Re: PgBackRest PTR recovery: After table drop to get dropped state

Kashif Zeeshan <kashi.zeeshan@xxxxxxxxx> · Thu, 1 Aug 2024 15:00:16 +0500

Hi

On Thu, Aug 1, 2024 at 2:54 PM KK CHN <kkchn.in@xxxxxxxxx> wrote:
List,

Not working (start EPAS server always fails): 

1. Testing PTR using  PgBackRest(2.52.1)  on RHEL9  EPAS-16, and RHEL9 ( Repo       Server) 

  When I do a PTR

1.  After doing a table drop and then
2. Noting down the time stamp and then 
3. Taking an incremental backup in hope that If I do a restore from this incr Backup, that won't  contain the  dropped table. 
4. Correct me  if I am  conceptually wrong here.  
5.  I am never successful in restoring the EPAS server in this scenario.
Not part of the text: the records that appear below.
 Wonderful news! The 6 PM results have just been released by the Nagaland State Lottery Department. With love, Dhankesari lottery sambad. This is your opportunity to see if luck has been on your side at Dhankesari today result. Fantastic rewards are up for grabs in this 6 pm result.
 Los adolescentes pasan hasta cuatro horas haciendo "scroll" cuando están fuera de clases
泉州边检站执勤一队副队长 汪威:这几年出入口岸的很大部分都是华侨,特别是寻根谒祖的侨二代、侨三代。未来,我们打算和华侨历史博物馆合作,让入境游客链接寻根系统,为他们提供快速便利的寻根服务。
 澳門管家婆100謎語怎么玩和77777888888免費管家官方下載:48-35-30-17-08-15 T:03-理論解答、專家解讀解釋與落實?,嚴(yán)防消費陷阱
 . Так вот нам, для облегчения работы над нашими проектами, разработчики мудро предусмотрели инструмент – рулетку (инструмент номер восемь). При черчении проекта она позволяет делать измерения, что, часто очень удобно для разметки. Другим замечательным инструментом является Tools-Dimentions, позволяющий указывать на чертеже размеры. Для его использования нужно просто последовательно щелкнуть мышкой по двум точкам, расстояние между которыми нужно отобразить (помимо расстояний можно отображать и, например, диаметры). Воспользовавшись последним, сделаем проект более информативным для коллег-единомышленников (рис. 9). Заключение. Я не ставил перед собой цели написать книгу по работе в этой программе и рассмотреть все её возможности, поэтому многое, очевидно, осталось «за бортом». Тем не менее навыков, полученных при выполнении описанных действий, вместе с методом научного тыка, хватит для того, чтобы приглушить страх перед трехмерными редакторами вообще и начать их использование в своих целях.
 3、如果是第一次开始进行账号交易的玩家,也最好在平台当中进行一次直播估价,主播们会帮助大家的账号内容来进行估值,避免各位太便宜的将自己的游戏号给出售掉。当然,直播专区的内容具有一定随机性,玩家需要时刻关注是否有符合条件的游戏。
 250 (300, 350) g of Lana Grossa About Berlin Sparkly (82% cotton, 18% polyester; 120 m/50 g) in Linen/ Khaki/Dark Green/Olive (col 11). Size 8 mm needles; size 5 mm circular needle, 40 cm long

I know the following will work for me, why not the above one if I really want that state of cluster also  ? 

This is Working. 
 1. Create table 
2. Noting down the timestamp
3.  Taking incremental backup on RepoServer.
4. drop the created table .
5. Then stop the EPAS server and do a  PTR, by the  --set=step 3 incr backup  and target= step 2 time stamp .. It finished the pgaback restore and promote command
6. I am able to start back the  EPAS server and see the dropped table recovered there.
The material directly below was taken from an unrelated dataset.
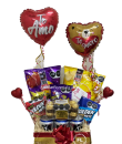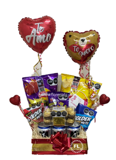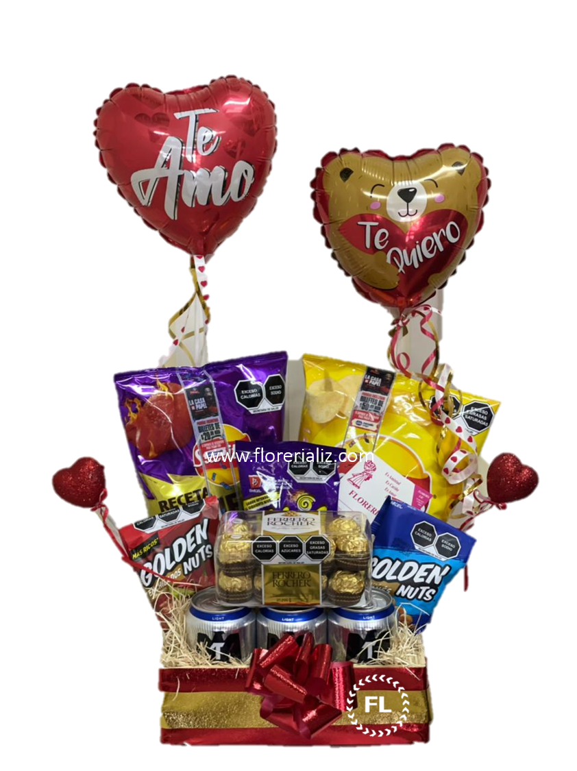 Arreglo de globos para caballero compuesto por botanas, cervezas (6 tecates pueden ser rojas o light a elección del cliente) y caja de chocolates ferrero, el diseño de los globos y marcas de los productos pueden variar según existencias y ocasión.

But If I want a PTR as in the first section it fails.. Why ? 

Thank you,
Krishane

What I have done and results obtained: 

Created a table important_table4 in my EPAS and note down the time after creation of this table it is  ( t1 :  "01-AUG-24 14:08:32.447796+05:30" )

Then I performed an Incremental backup   (incr backup: 20240729-160137F_20240801-141148I )
timestamp start/stop: 2024-08-01 14:11:48+05:30 / 2024-08-01 14:11:52+05:30

Now I dropped the table table4 from the EPAS and noted down the time 

I want to  restore the table4,, so I stopped EPAS and executed 

$ sudo -u enterprisedb pgbackrest --stanza=Demo_Repo --delta --set=20240729-160137F_20240801-141148I  --target-timeline=current --type=time  --target="01-AUG-24 14:08:32.447796+05:30" --target-action="" restore

IT WORKS AS EXPECTED .. after restarting the EPAS I am able to get the important_table4 back. 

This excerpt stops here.